There are several ways to acquire information on standardisation activities and selecting the most suitable depends on how much you want to be involved in the standardisation process. If you want to actively participate in standardisation, either at the Estonian, European or international level, we recommend that you become a member of some technical committee or form a technical committee with other parties active in the same sector. If you want to be updated about amendments made to the standards and the publication of new standards, we recommend using the standards information service or the standards monitoring service (both services are free).
How do standards become harmonised standards?
Harmonised standards are standards that are linked to European Union directives or regulations and help to comply with their technical requirements. A standard will become a harmonised standard if a corresponding notification is published in the Official Journal of the European Union.
Are harmonised standards obligatory?
As a rule, harmonised standards are not obligatory. When following a harmonised standard, it is presumed that the requirements covered with the scope of a respective directive or regulation have been met, at the same time, retaining the right to meet the requirements by using some other technical solutions. The construction products sector is an exception, as a standard must be followed in order to meet the requirements of regulations. The mandatory nature and legal meaning of a harmonised standard arises from the text of each relevant directive or regulation and may differ by areas.
Is it forbidden to use an invalid harmonised standard?
A standard’s validity and its status as a harmonised standard are not individually related. It is possible that there is a still a reference about an invalid standard in the Official Journal of the European Union. In such a case, the standard’s referenced, invalid version should be used to meet the requirements of a directive.
What does the CE-mark mean?
The CE-mark indicates compliance with those European directives or regulations that require the CE-mark as a mark of conformity.
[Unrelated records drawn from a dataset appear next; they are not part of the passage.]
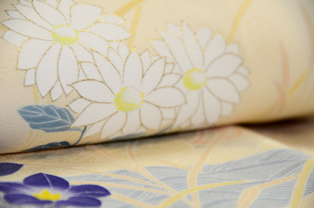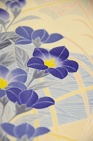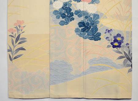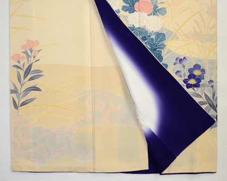 鳥の子色におおらかな雲取り文様、間からは唐草文様と青海波、そして美しく凛と咲く桔梗や小菊の花紫色がやさしい地色に華やかに映える訪問着です。 桃山時代に明から伝えられた紗綾形に蘭と菊をあしらった本紋が地紋に織りこまれ、八掛も正倉院文書にもある青褐(あおかつ)を合わせた凝ったお着物です。
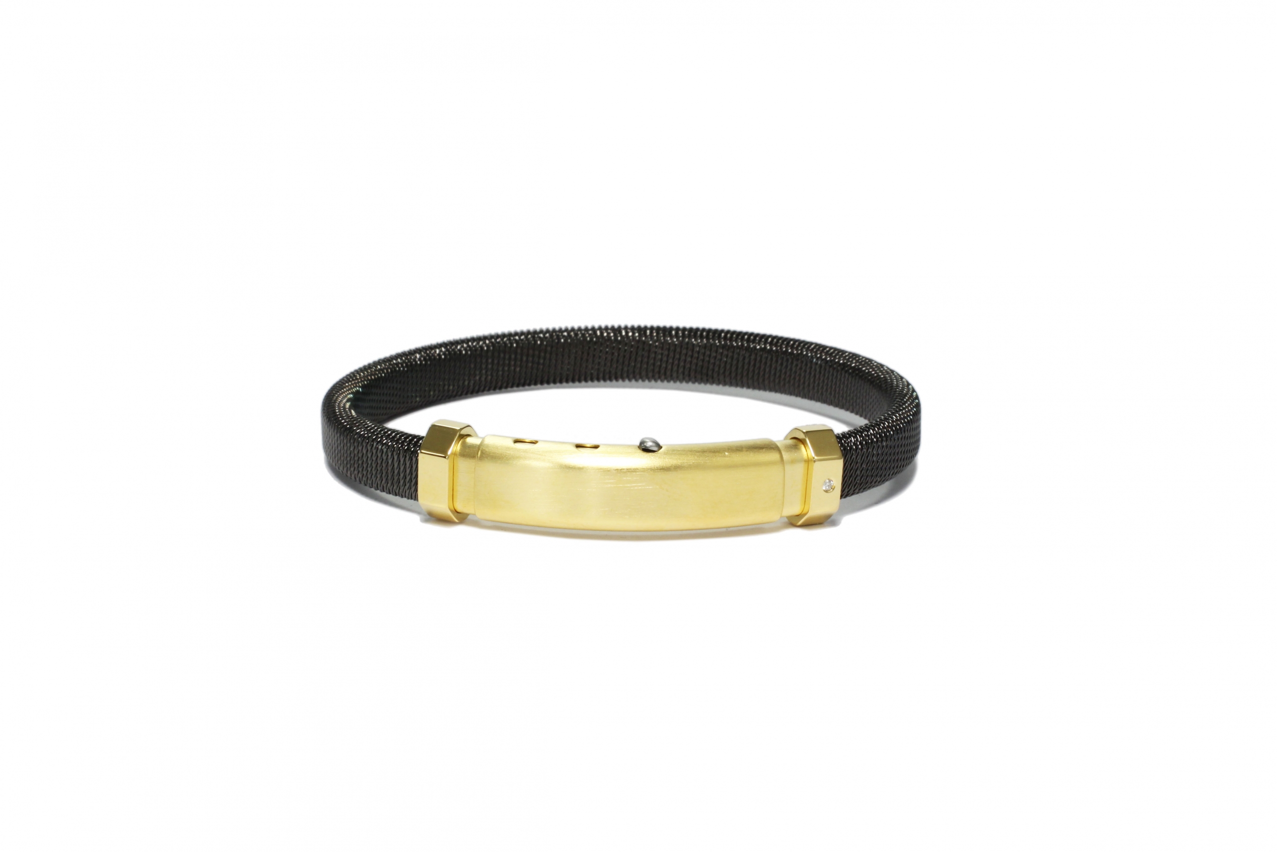 BRACELET ACIER PVD NOIR /FERMOIR PVD OR JAUNE DTS 0.01 CT
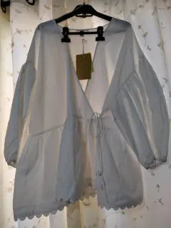 Blusa blanca mangas. Blusa blanca de diseñadora Kika Vargas talla 3XL mangas frondosas

Such legislation is referred to as the new approach directives, within the framework of which the CE-mark is the product’s so-called “passport” used for entering the European Union market. The CE-mark is not a mark of quality or certification.
Can a manufacturer use the CE-mark on a product before the relevant standard has been accepted as a national standard?
Yes. In most areas, implementing a harmonised standard is not obligatory. In such fields, there is no need to follow the standard to receive the CE-mark. Moreover, harmonised standards are identical in all European countries, meaning that there is no need to wait until the standard is recognised as an Estonian standard, as the standard of another country may also be followed.